I hope there is a way to solve this problem.
Thank you in advance.

ibex10 · May 6, 2023, 1:10pm

By a function, if you mean a piece of code that executes in the same process as the caller, the execution of the function can't be preemptively stopped, suspended or resumed. However, it might be done cooperatively.

If the called function runs in a different process, the execution of the function can be preemptively stopped, suspended, or resumed by terminating, suspending, or resuming the host process.

theBitThatBytes · May 6, 2023, 1:39pm

By a function I mean the peace of code that is executed when calling plugin.run(). This code runs in the same process but on a different thread.
I'd like to pause and resume or stop/force stop it like the OS does with its subprocesses.
Threads are constantly suspended and resumed to allow multiple processes to run "concurrently".
Swift's DispatchQueue and async/await API allow multiple tasks to run concurrently, even on single cores, which means there is a way to stop unknown code from running in the same process (without implementing is-canceled-checks).
How can this be achieved, is there an API for this?

rayx · May 6, 2023, 3:40pm

OS suspends/resumes processes based on interrupts. For threads that are implemented in user space, they works in cooperative manner. Neither is applicable in your case.

I think it might be possible to implement your requirement by introducing a monitoring task.
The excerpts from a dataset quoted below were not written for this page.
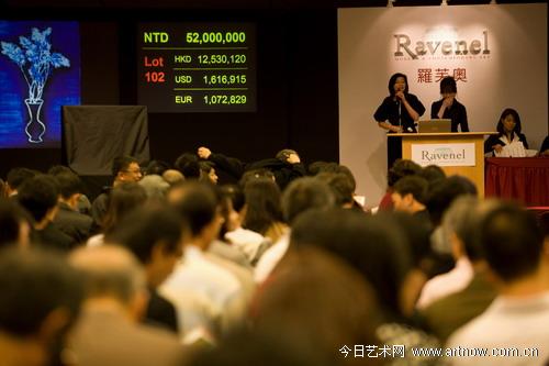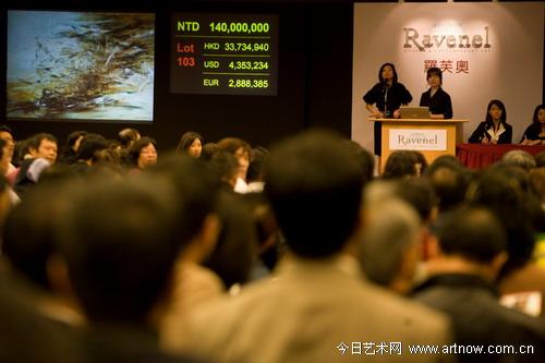 “罗芙奥台北2009秋季拍卖会—亚洲现代与当代艺术”于12月6日14:30在台北富邦大楼国际会议中心盛大举行。从预展期间的人潮,即可预见拍卖时的热烈气氛。拍卖现场座无虚席,有数百位艺术爱好者领牌参与竞价。这场艺术拍卖原本预估金额为港币9千万元至1.2亿元,最后拍出港币1亿6098万4096元的漂亮成绩,金额成交率高达到164%;227件拍品有192件找到买主,件数成交率约为85%。
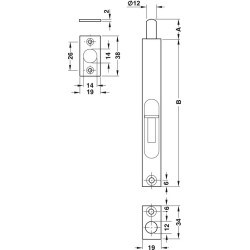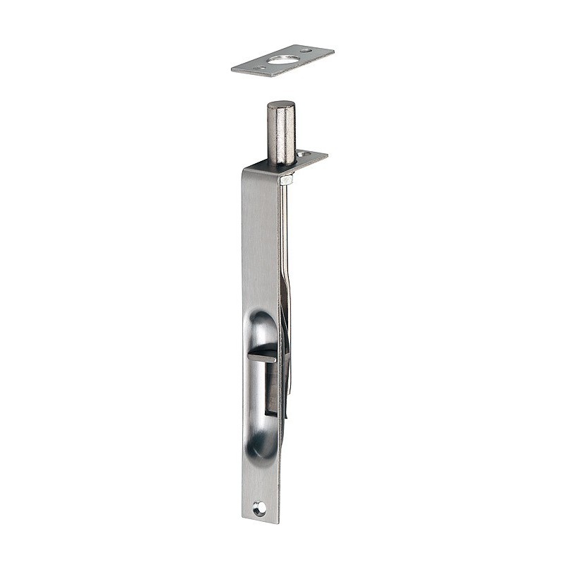 Denne model er beregnet til skjult montering i en trædør, og skal indsættes i en indfræsning. Skudriglen låses let ved at skubbe tappen op eller ned.
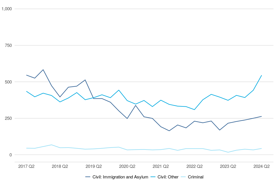 Of the 850 applications received in Q2 2024, 260 were civil immigration and asylum applications, 550 were civil (other), and 43 were criminal, up 22%, 46% and 153% respectively on Q2 2023. None of the civil immigration and asylum cases have since been transferred to the UTIAC.
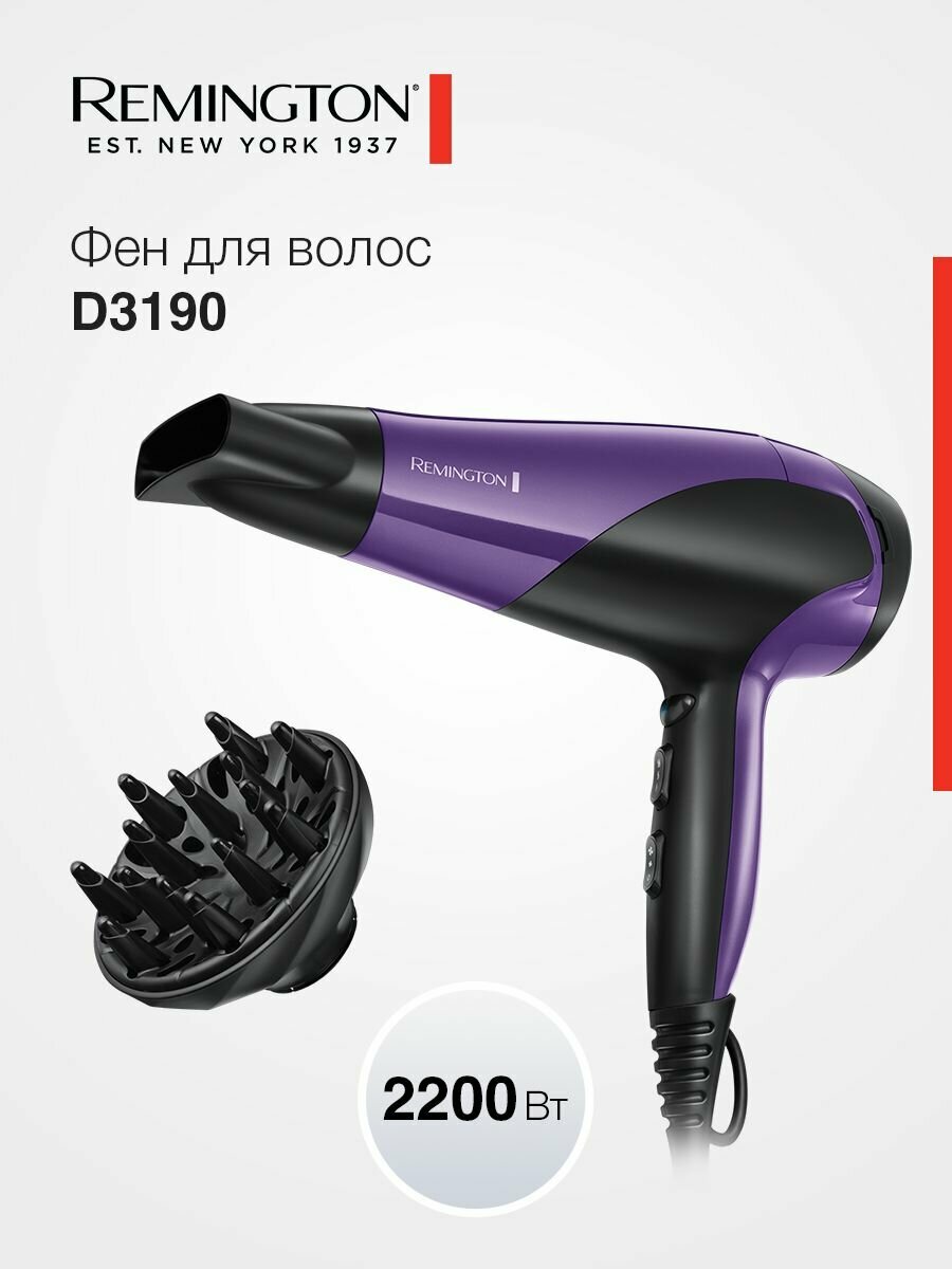 Фен Remington, Набор для укладки волос Ionic Dry D3190, фиолетовый/черный
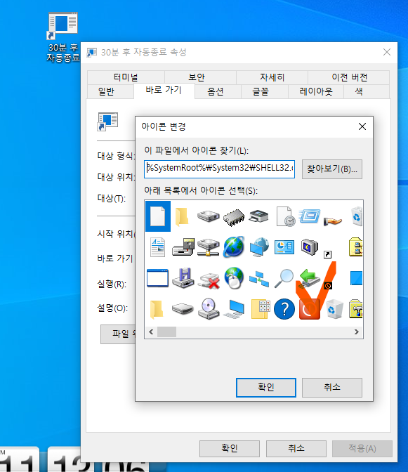 생성된 아이콘에 마우스 우클릭, [속성] 으로 들어가서
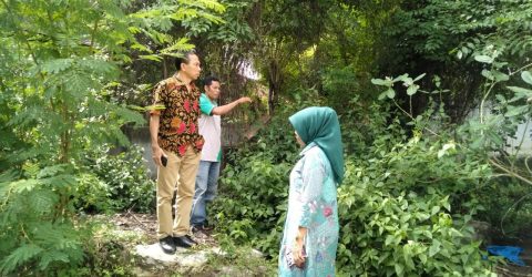 DR.Ir. Syamsuddin MS. Yang Di Dampingi Kasek. SDN 43 Hartuti S Pd.Saat Meninjau langsung kondisi sekolah SDN. 43. Pagar Yang Roboh Akibat Banjir Tahun Lalu. yang Sampai Sekarang Belum Ada Perbaikan.

I don't know Swift currency API well enough (I rarely have a chance to use them), so I'll give an example by using processes. Suppose you run a process in your system and you want to suspend/resume it based on some rules, you can start another process to monitor that process and take actions based on your rules. I suppose you can implement the same approach by using Swift currency API. For processes one can send stop/resume signal to it, I don't know if there is similar mechanism to control tasks in Swift.
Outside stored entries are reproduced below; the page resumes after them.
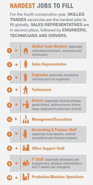 For four years straight, skilled trade jobs are the most difficult to fill, especially chefs, bakers, butchers, mechanics, and electricians. Sales representatives, engineers, technicians, and drivers make up the remaining of the top five most difficult jobs to fill. Now we can see why a lack of technical skills contributes heavily to the lack of candidates those skills are needed in four of the top five most difficult jobs to fill.
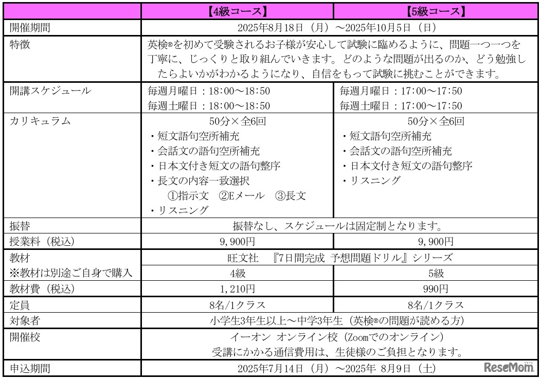 英会話教室を運営するイーオンは、2025年10月5日に行われる英検に初めて挑戦する子供向けに、オンライン校のキッズクラスで「はじめての英検4級・5級対策コース」を開講する。英語学習の重要性が高まる中、イーオンは資格取得を目指す子供たちをサポートするための新たな取組みを開始する。申込期限は8月9日。
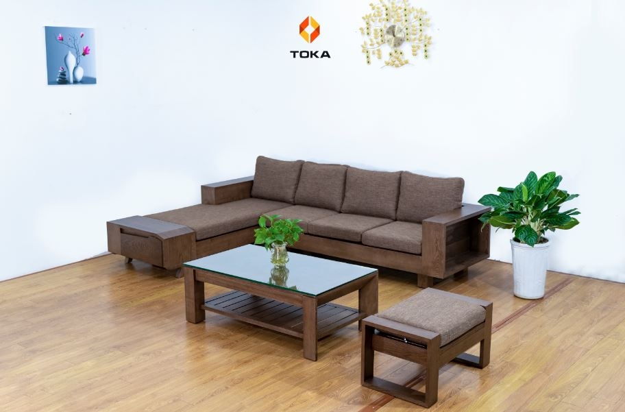 GS010 không chỉ là nơi để tiếp khách, nơi sinh hoạt chung của cả gia đình mà còn nó còn được tận dụng làm nơi nghỉ qua đêm dành cho khách. Bộ sofa góc chữ L mà Nội thất Toka muốn giới thiệu trong bài viết này gồm có 3 món đồ đó là bộ sofa ggóc chữ L kèm 1 táp, 1 bàn trà, 1 đôn kèm đệm. Tất cả tạo nên tổng thể hài hòa và vô cùng độc đáo.

ibex10 · May 7, 2023, 1:29am

That would be really nice if we were able to do that sort of thing. Unfortunately, currently the way tasks and threads work rules that out.
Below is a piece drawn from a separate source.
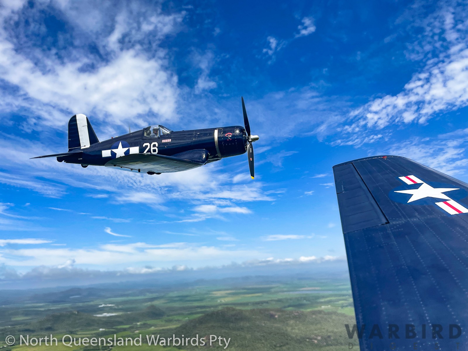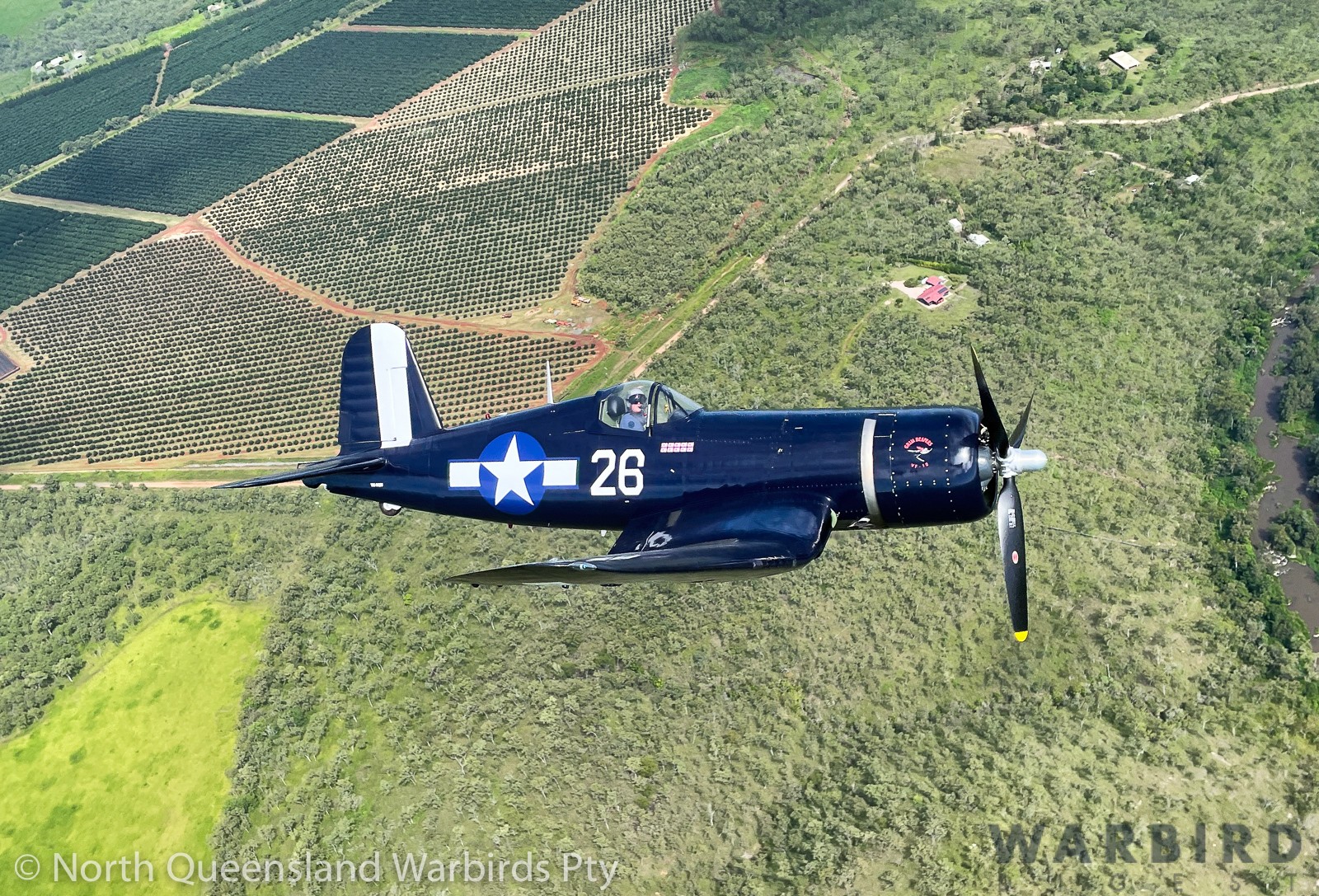 This Corsair is now the world’s only Vought-built -1D variant flying anywhere in the world, with only one other complete survivor in preservation (the Smithsonian’s BuNo.50375). The aircraft is also one of only a handful of WWII combat veteran Corsairs extant, having served with VF-10 Grim Reapers aboard the carrier USS Intrepid between January and April, 1945. Mike Spaulding and his team at North Queensland Warbirds Pty deserve hearty congratulations for getting this aircraft flying again. Their achievement in successfully completing this restoration cannot be overstated given the immense demands of their endeavor. Amongst other difficulties, the project required the complete rebuild of the Corsair’s main spar, by far the most complex of any WWII fighter aircraft… indeed the demands of such an enterprise rendered it economically unviable until this past decade. So bravo to Mike Spaulding for taking on the daunting and demanding investment of time, skill and treasure which this restoration represents!

If your code runs on macOS, I am certain that you can use an XPC service to host the function the execution of which you want to stop, but I am not sure whether you can suspend/resume the XPC service though. (An XPC service runs in its own process.)

What we really need is a new kind of Task, the execution of which can be preemptively suspended, resumed, or terminated. That would make my dreams come true.

I hope that @eskimo and @John_McCall will say a few words on this.

John_McCall · May 7, 2023, 3:30am

I cannot imagine adding a kind of task that can be preemptively stopped. That kind of feature is incredibly problematic.

theBitThatBytes · May 7, 2023, 12:02pm

Thanks for the answers.

I think it might be possible to implement your requirement by introducing a monitoring task.

@rayx Unfortunately, this is not possible because the plugin plugin.run() must run inside the same process (variable space). The plugins (can) use an API that provides access to inter-process variables and other APIs. Synchronising them across different processes would be a nightmare and would. dramatically decrease performance. High performance and reliability are key to this project.

If your code runs on macOS , I am certain that you can use an XPC service to host the function the execution of which you want to stop, but I am not sure whether you can suspend/resume the XPC service though. (An XPC service runs in its own process.)

@ibex10 The same applies here, and the program must also run under Linux.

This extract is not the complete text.